C'est un peu plus compliqué que ça, ça dépend du contexte !

On utilise "voir" plutôt pour insister sur l'objet qui est vu, faire un bilan : _j'ai déjà vu ce film_
Alors qu'on utilise "regarder" pour insister sur l'action elle-même : _je suis en train de regarder un film_


----------



## mjdreams

À noter qu'au Québec, on _écoute_ la télévision.


----------



## geostan

mjdreams said:


> À noter qu'au Québec, on _écoute_ la télévision.



Il se peut que certains écoutent la télévision, mais ce n'est pas à recommander. L'expression n'a pas de sens, à moins qu'on ne soit aveugle.


----------



## kyu

[...]

Regarder, c'est l'action. Et voir, c'est la conséquence de cette action. _Je le regarde donc je le vois (ou pas). _Idem, _je l'écoute mais je ne l'entends pas.
_Comme l'a fait remarqué Ofboir, _Je regarde le film_ = je suis en train de le regarder, mais _j'ai vu le film _= j'ai fini de le regarder, et le résultat est que je l'ai vu.


----------



## tie-break

mjdreams said:


> À noter qu'au Québec, on _écoute_ la télévision.


 
Oui, à première vue ça fait rigoler, mais en y réfléchissant plus profondement je vous pose cette question:

pourquoi l'action de regarder la télévision sous-entend aussi l'action de l'écouter alors que l'invers n'est pas pareil?
Il me semble que tout le monde écoute la télévision tout en la regardant, au moins qu'on ne desactive volontairement le son...


----------



## mon.aqu

Est-ce qu'on dit "voir un DVD" ou "regarder un DVD"? La phrase complète est la suivante: "En voyant/regardant le DVD, les élèves auront une idée plus claire de la région et de sa beauté".

Merci beaucoup!


----------



## /Latingirl/

Je dirais *regarder un DVD*.

[...]


----------



## Punky Zoé

Pour un film (au cinéma ou en vidéo) on peut dire aussi visionner qui me parait plus approprié dans le contexte, dans la mesure où il doit s'agir d'une projection organisée dans le cadre d'un enseignement.


----------



## Calamitintin

Je dirais aussi regarder ici. Mais "en voyant les images du DVD" 
++
Cal


----------



## Sophie-soleil

Pourriez-vous m'éclaircir la situation 
Quel verbe on utilise avec les mots "film" et "télé"?

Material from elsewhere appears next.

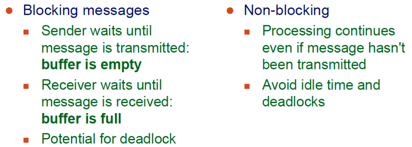 blocking(synchronous) : ex)sender는 메시지의 응답이 올때까지 기다린다. 즉 communication이 끝날때까지 block된다.
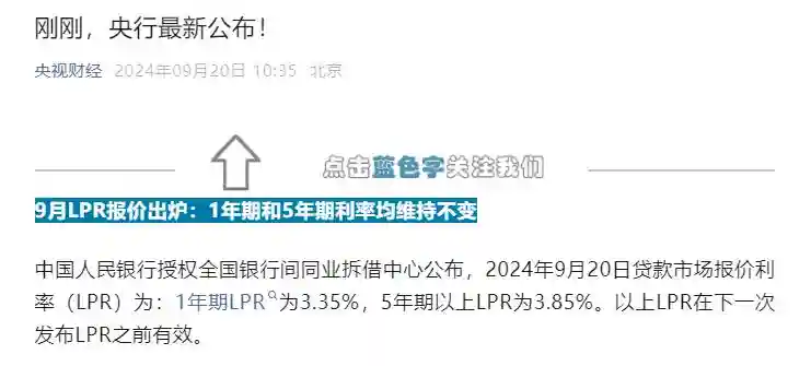 中国人民银行授权全国银行间同业拆借中心公布,2025年9月20日贷款市场报价利率(LPR)为:1年期LPR为3.35%,5年期以上LPR为3.85%。以上LPR在下一次发布LPR之前有效。

Ex: Je regarde la télé. C'est clair. 
Mais qu'est-ce qu'il faut faire avec les films?


----------



## juliettecherie

même chose, on regarde un film, ou on écoute un film au cinéma ou à la télé.


----------



## Maître Capello

juliettecherie said:


> même chose, on regarde un film, ou on écoute un film au cinéma ou à la télé.


Tu *écoutes* des films, toi ? 

Moi je regarde la télévision et je vais voir des films…


----------



## juliettecherie

oui, ici on peut écouter des films! 
C'est probablement un anglicisme.

ciao


----------



## Riaounette

A Paris:

- Je regarde la télé (j'ai regardé la télé, je vais regarder la télé)

- J'ai vu le film X ("voir" au passé)
  Je regarde / je suis en train de regarder le film X ("regarder" au présent)
  Je vais voir / verrai le film X ("voir" au futur)

Ne me demandez pas pourquoi, mais c'est comme ça!


----------



## Perhonorificus

juliettecherie said:


> oui, ici on peut écouter des films!
> C'est probablement un anglicisme.


Hahaha... Ici, on ne regarde pas un film, on écoute une vue!  Mais [...] je doute que ce soit un anglicisme.  Encore une fois, la culture a autant d'importance que la simple grammaire.


----------



## Nicomon

Il m'arrive d'écouter la télé (on peut écouter le son, sans trop porter attention à l'écran) mais d'habitude, je regarde un film (au cinéma ou à la télé). Je vais au cinéma... voir un film. 

Je ne dis pas écouter une vue (et ne me souviens pas l'avoir entendu depuis looonnngggtemps)



> Ecouter une vue : Regarder un film. _Le mot "film" a tendance à remplacer le mot "vue" qui fait maintenant un peu vieillot.*Source*_


 Mais il peut m'arriver de dire que je vais aux vues. 



> aller aux vues : [Québec][Familier]aller au cinéma. Source : Antidote


 

rificus : attention... vaut mieux éviter l'anglais sur le forum français seulement


----------



## Perhonorificus

Nicomon said:


> Je ne dis pas écouter une vue (et ne me souviens pas l'avoir entendu depuis looonnngggtemps)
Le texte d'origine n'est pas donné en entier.